To ward off the claim by the Elambini community for restitution of the 1380 hectares of land, the wealthy Crookes Brothers relied on proof that it was annexed by the British colonial government in 1842 and given to white immigrants.

Judge Yasmin Shehnaz Meer ruled in the Land Claims Court in Randburg last week that the community had failed to prove the land was dispossessed from their forefathers after 1913.

A contentious clause in the constitution states that land which whites acquired before the passing of the Natives Land Act of 1913 cannot be claimed for restitution.

Located in Scottburgh on the South Coast of KZN, the land is home to 30 thriving sugarcane farms owned by the JSE-listed Crookes Brothers.

The 23 claimants, most of whom live in aMahlongwa, argued that the Crookes brothers chased their families off the land after 1913.

But the Crookes brothers produced evidence showing that their great-grandfather Samuel Crookes acquired the farms between 1876 and 1882.

The farms had been part of land that was granted to white immigrants in 1852 by the British government following the annexation of Natal, Judge Meer found.

“Intensive sugar farming has continued on the claimed land since the 1850s and continues to this day under the ownership of the (Crookes Brothers),” she said.

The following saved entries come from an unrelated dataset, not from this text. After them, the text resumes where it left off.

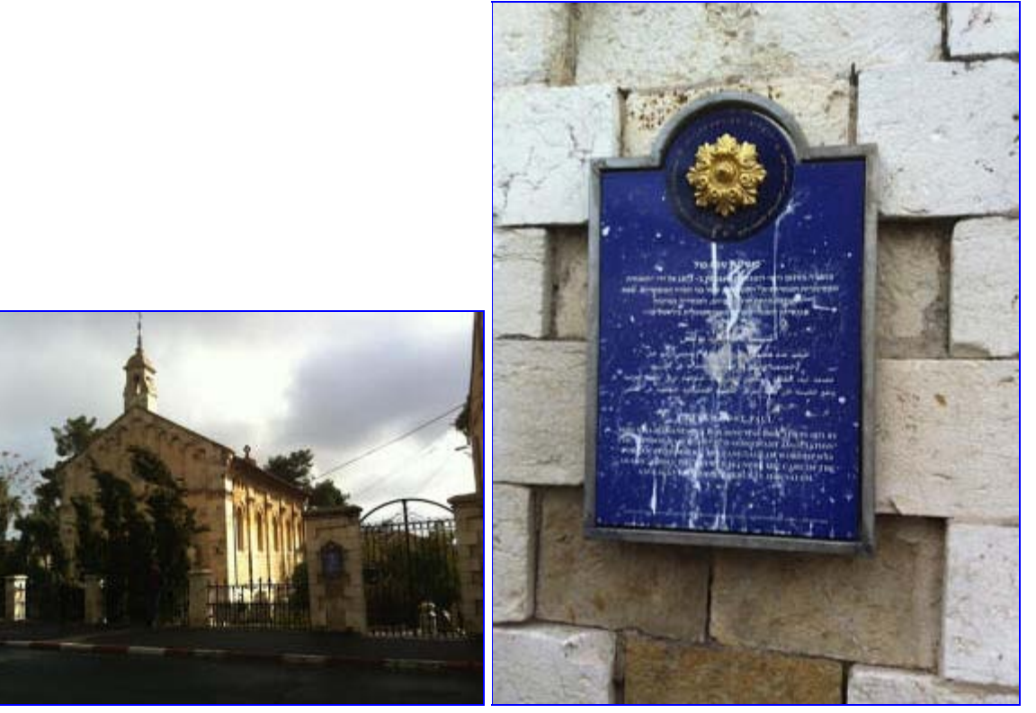
Our Church in Jerusalem and showing the defaced sign
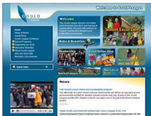
The Gould League website continues to be a popular and important portal for Australian environmental education resources.
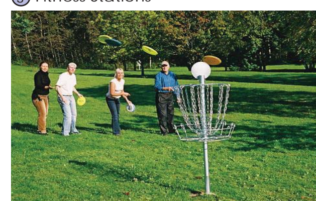
4 Disc Golf
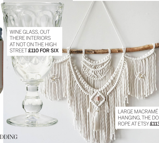
LARGE MACRAMÉ WALL HANGING, THE DOPE ROPE AT ETSY £113
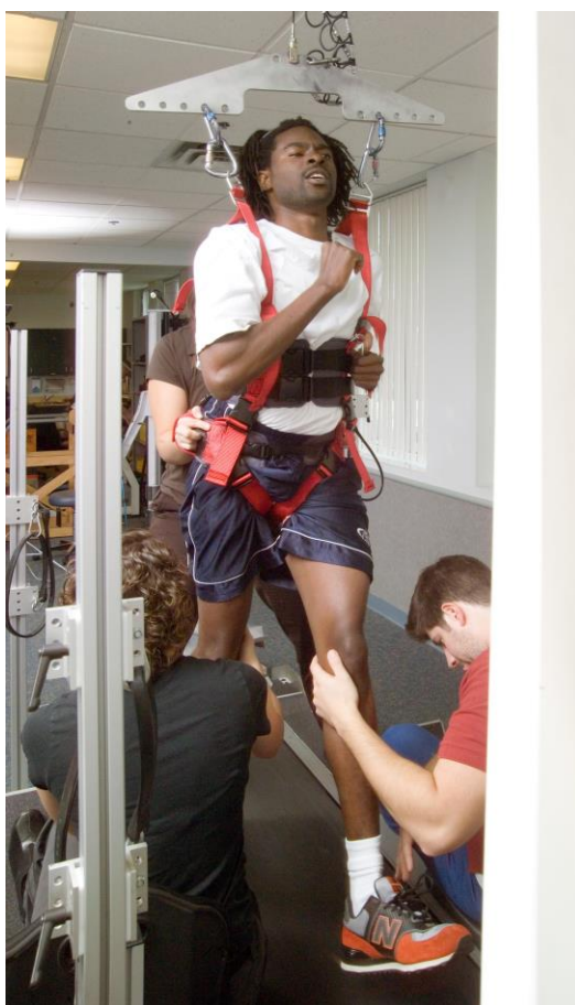
Figure 1: Locomotor Training at a Reeve NRN facility.

The following interventions will be discussed below:
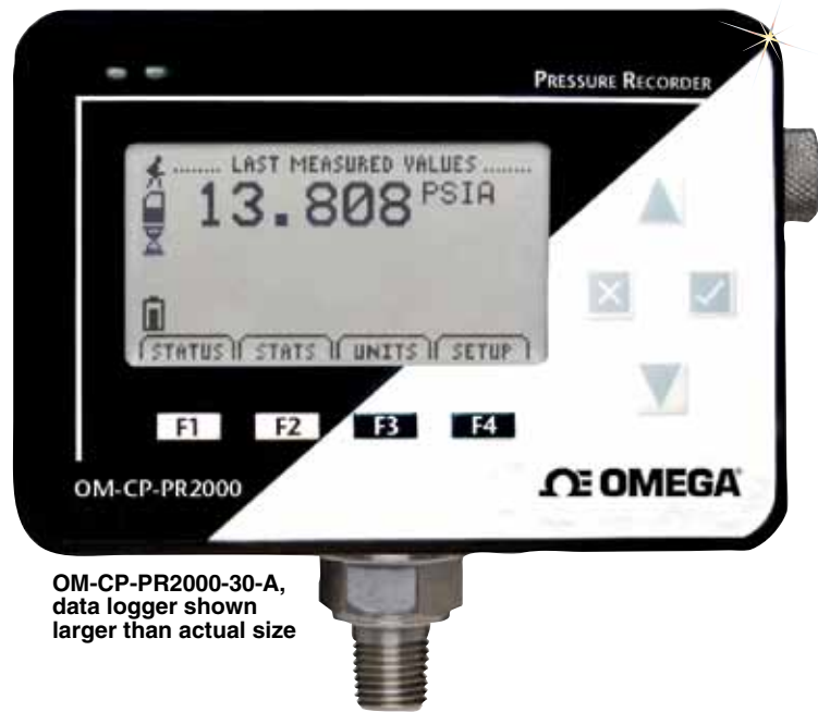
OM-CP-PR2000-30-A, data logger shown larger than actual size

NIST traceable calibration is available for users needing to meet regulatory requirements. Creating permanent records, performing data calculations, and the graphing of data is quick and easy: Simply connect the interface cable to an available USB or serial port and, with a few clicks of the mouse, data is downloaded and ready for review or export to Excel.
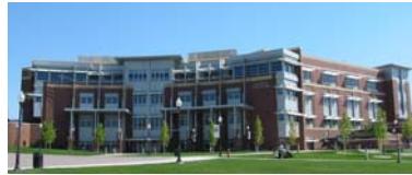
Joe Crowley Student Union (# 087)
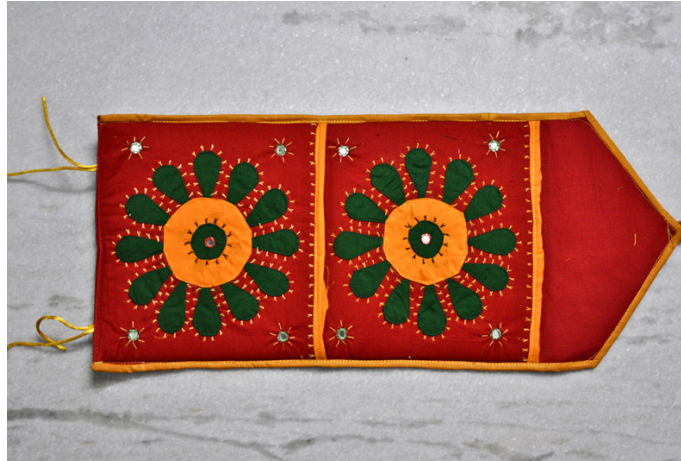
Letter pouch stitched with patch design.
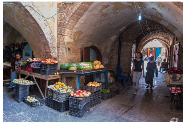
Souk in Saidon 2017

Special thanks to everyone involved for your time, positive energy, and dedication to this project and to the Danish Arab Partnership Programme – Fund for Academic Cooperation and Exchange between Denmark and the Arab world for funding and making this experience possible.
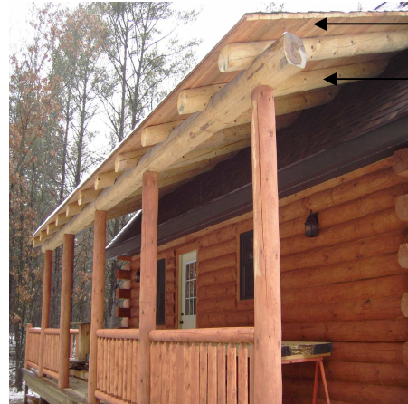
2 x 8 T&G Log rafters
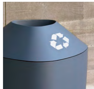
Shown with optional recycling logo.
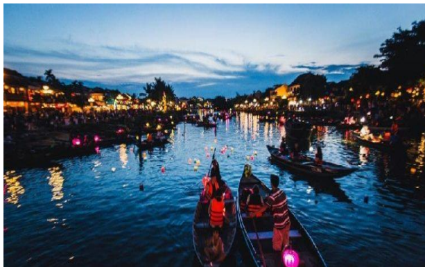
Hoi An at night
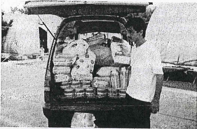
Taking supplies to the refugee camp
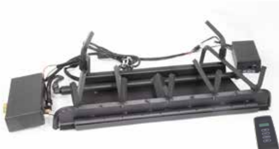
Assembled burner natural gas with battery electronic and remote system. 2BRN-##-***-MVKEI-GCRK
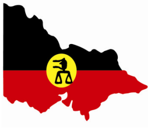
Victorian Aboriginal Legal Service Co-operative Ltd
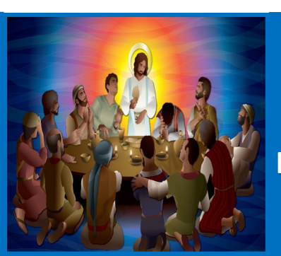
Lesson 1 First Reconciliation
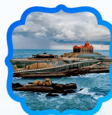
Vivekananda Memorial Rock
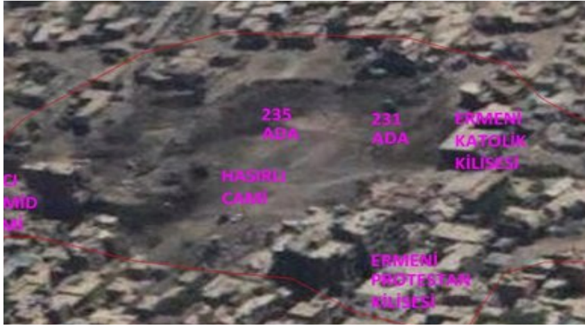
Photo 2: Aerial photographs underline that the Hasırlı Mosque, located at parcel no. 235/19 has been completely destroyed and the debris removed, without a trace left in its place.
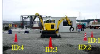
Fig.4 Around the robot
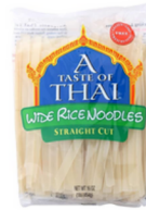
RICE NOODLES THIN A TASTE OF THAI 6/1 LB #561360
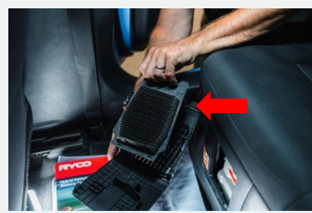
STEP 6 Repeat above steps in reverse to re-install OEM battery air filter housing flap.
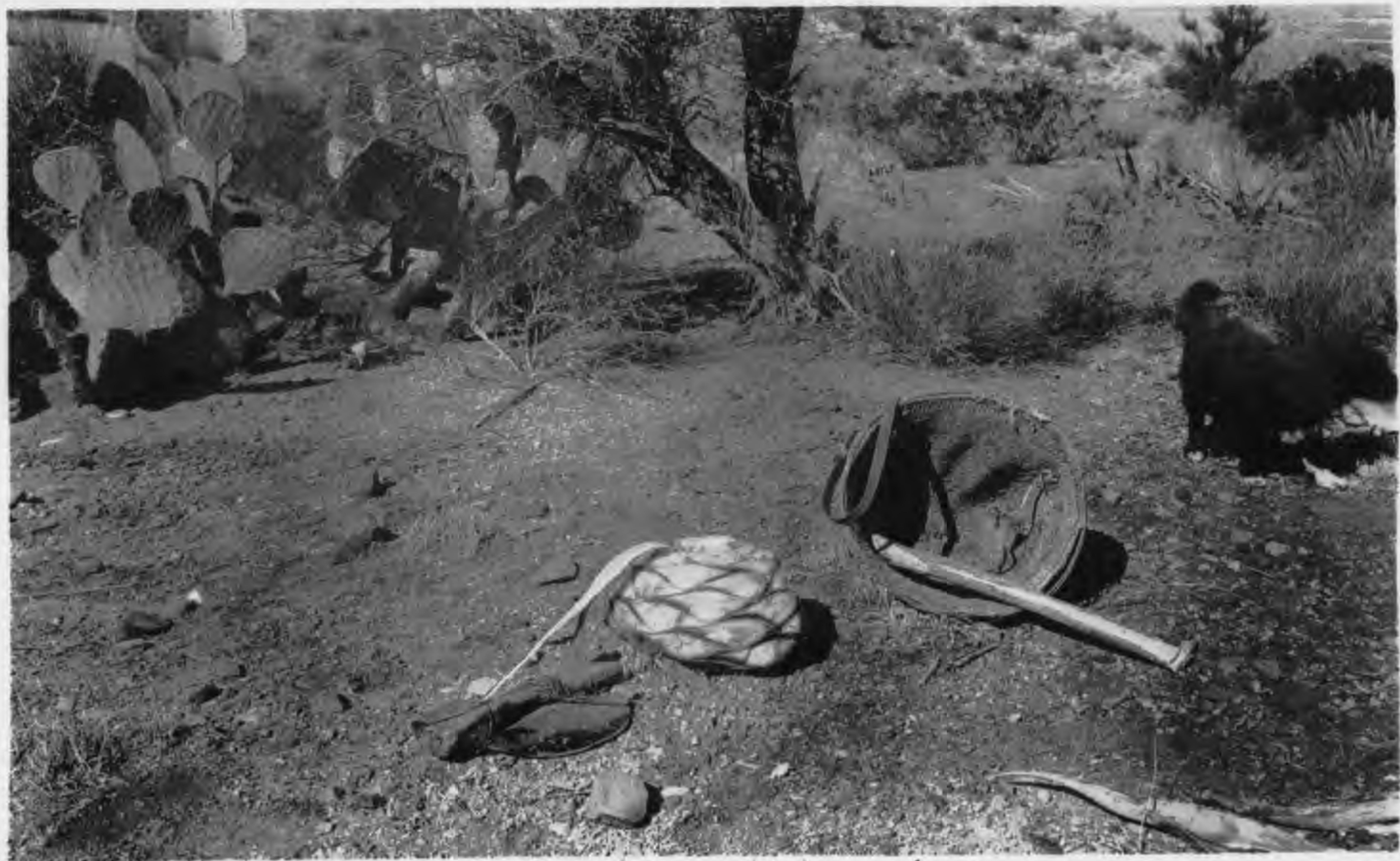
agave stump after trimming.

Judge Meer said these families would have been farm labourers on the claimed land by 1913, owing to intensified sugarcane farming.

She found that accounts of when and how the families were dispossessed were unreliable.

“Their evidence suggests a range of different dates when they moved.

"Most witnesses recorded the dates of removals as 1913, and opportunistically so

“The unreliability of such evidence speaks for itself,” Judge Meer said.

Sikhosiphi Ntaka, 61, told the court her forefathers were forced off the land on which they had cattle and grew crops in 1912.

To this, Judge Meer said: “On Ntaka’s version, the removal occurred in 1912, which is before the threshold date of 1913 required by the act for a valid restitution claim.

“Her evidence thus does not advance the plaintiff’s claim.”

Both the Rural Development and Land Reform Ministry and the Land Claims Commission supported the validity of the claim. In its reports, the commission said the community practised subsistence farming on the land until 1918, when colonial dispossession began in earnest.

Residents were reduced to labour tenants from 1932 through the enactment of the Native Service Contracts Act, it said. “The community was moved to unproductive and inhospitable reserve land,” the report added.

“The erosion of the rights on land, as well as the eventual dispossession, constituted discrimination against the claimants and was due to the interests of promoting white-controlled sugarcane farming and its demands for labour.”

Ian Blose, the attorney for the claimants, said his clients were considering appealing the judgment.